§ **WHAT YOU ARE ASKED TO DO**
Everything from the first line of the material to the line containing "郑雨晴老师从教学内容分析、学", inclusive, must be given again exactly; no pictures, and nothing past that line.

§ **RECORDS SUPPLIED**
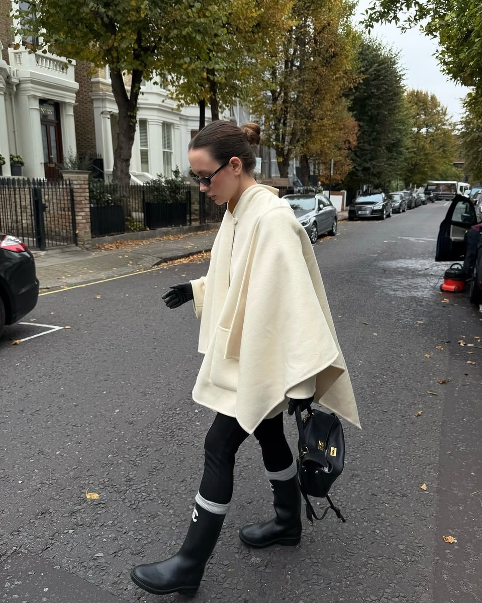 아이보리 케이프에 블랙 레인부츠를 매치하면, 빗속에서도 세련된 무드를 연출할 수 있습니다. 우아함과 실용성을 모두 갖춘 룩으로 비 오는 날 출근길부터 여행지까지 두루 활용할 수 있다는 것이 이 룩의 강점. 실루엣 자체로 존재감이 충분하기 때문에, 컬러는 단순하게 유지하는 것이 핵심입니다.
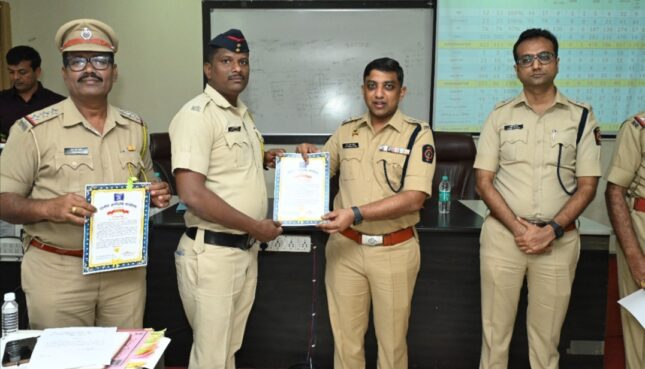 जालना प्रतिनिधी (दि.१२ ऑगस्ट):-जालना पोलीस दलातील व कदीम पोलीस ठाण्यातील कर्तव्यदक्ष कर्मचारी श्री.दिलीप बी. गायकवाड यांना जालना जिल्हा पोलीस अधीक्षक अजय कुमार बंसल यांच्या हस्ते प्रशस्तीपत्रक देऊन सन्मानित करण्यात आले.
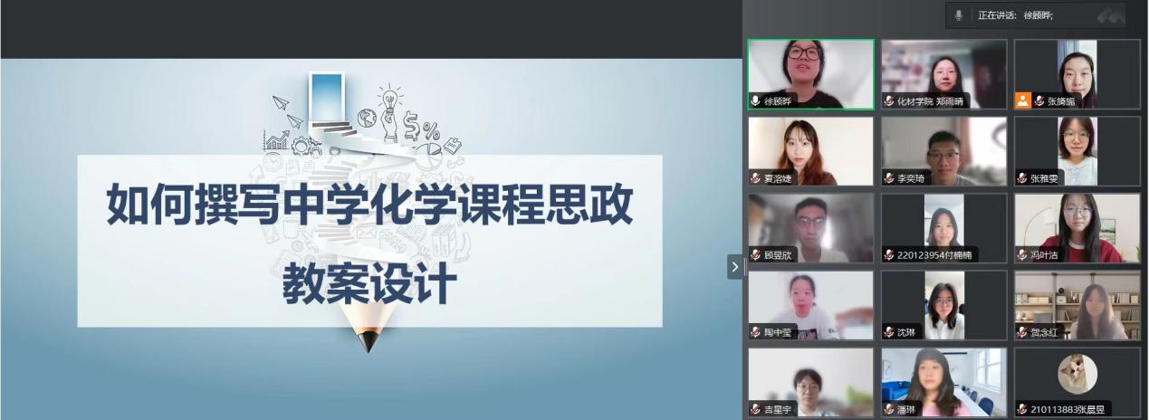 郑雨晴老师从教学内容分析、学情分析、教学目标教学重难点、教学与评价思路、教学流程、教学详细过程各方面为学生讲师展示了中学化学课程思政教案设计。郑老师从一线中学化学教师的角度强调了教案设计的重难点,例如:教学目标的设定参考课程标准,确保教学的科学性和有效性学情分析涵盖已知点、障碍点和发展点,使教学更具针对性在教学内容分析中要注重教材内容的位置、地位、承前启后作用教学流程的常规思路等等。作为“学生讲课程思政”第二季的讲师,郑老师也展示了自己的课程思政片段,从二氧化硫造成酸雨的讨论引出党和国家对于生态保护的重视,带领学生循着党和国家的脚步,从课堂走入生活,解决酸雨问题,培养学生可持续发展的意识。郑雨晴老师为中学化学课程思政教案设计提供了具体的方法和思路,有助于学生讲师将课程思政更好地融入教学实践中。
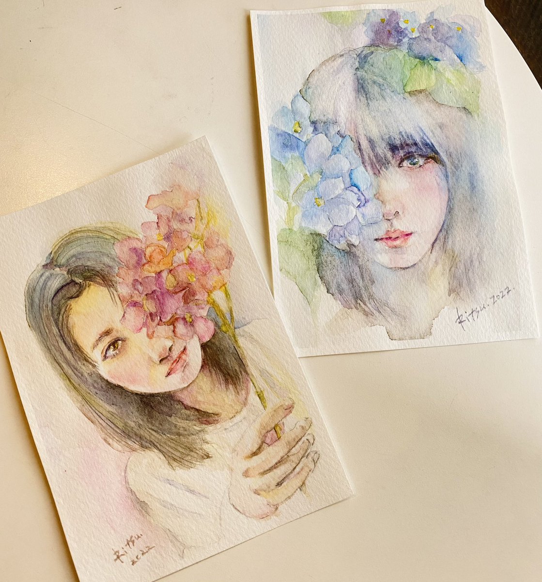 6月最後に🎨🖌 #水彩画 #人物画 #紫陽花 #難しい #練習 #頑張ろ #時間大切
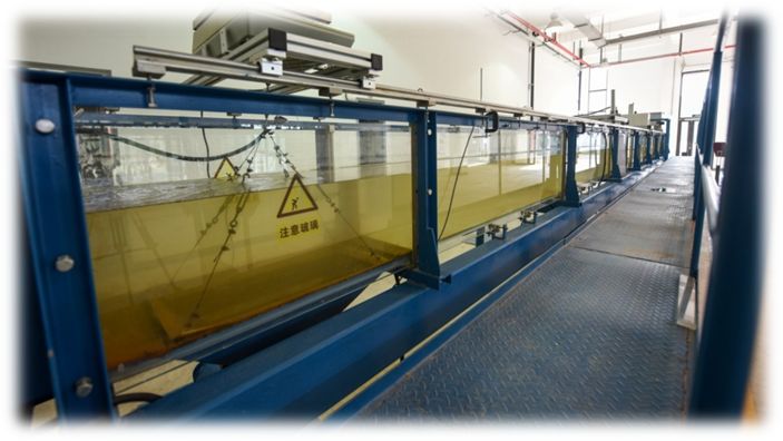 长25m,宽0.6m,高0.5m,变坡0.5%(精度≤±0.1mm),最大流量180L/s,最大水深0.4m,造流精度≤0.02m/s,配有高分辨率PIV系统

§ **EXERCISE RESPONSE**
 아이보리 케이프에 블랙 레인부츠를 매치하면, 빗속에서도 세련된 무드를 연출할 수 있습니다. 우아함과 실용성을 모두 갖춘 룩으로 비 오는 날 출근길부터 여행지까지 두루 활용할 수 있다는 것이 이 룩의 강점. 실루엣 자체로 존재감이 충분하기 때문에, 컬러는 단순하게 유지하는 것이 핵심입니다.
 जालना प्रतिनिधी (दि.१२ ऑगस्ट):-जालना पोलीस दलातील व कदीम पोलीस ठाण्यातील कर्तव्यदक्ष कर्मचारी श्री.दिलीप बी. गायकवाड यांना जालना जिल्हा पोलीस अधीक्षक अजय कुमार बंसल यांच्या हस्ते प्रशस्तीपत्रक देऊन सन्मानित करण्यात आले.
 郑雨晴老师从教学内容分析、学情分析、教学目标教学重难点、教学与评价思路、教学流程、教学详细过程各方面为学生讲师展示了中学化学课程思政教案设计。郑老师从一线中学化学教师的角度强调了教案设计的重难点,例如:教学目标的设定参考课程标准,确保教学的科学性和有效性学情分析涵盖已知点、障碍点和发展点,使教学更具针对性在教学内容分析中要注重教材内容的位置、地位、承前启后作用教学流程的常规思路等等。作为“学生讲课程思政”第二季的讲师,郑老师也展示了自己的课程思政片段,从二氧化硫造成酸雨的讨论引出党和国家对于生态保护的重视,带领学生循着党和国家的脚步,从课堂走入生活,解决酸雨问题,培养学生可持续发展的意识。郑雨晴老师为中学化学课程思政教案设计提供了具体的方法和思路,有助于学生讲师将课程思政更好地融入教学实践中。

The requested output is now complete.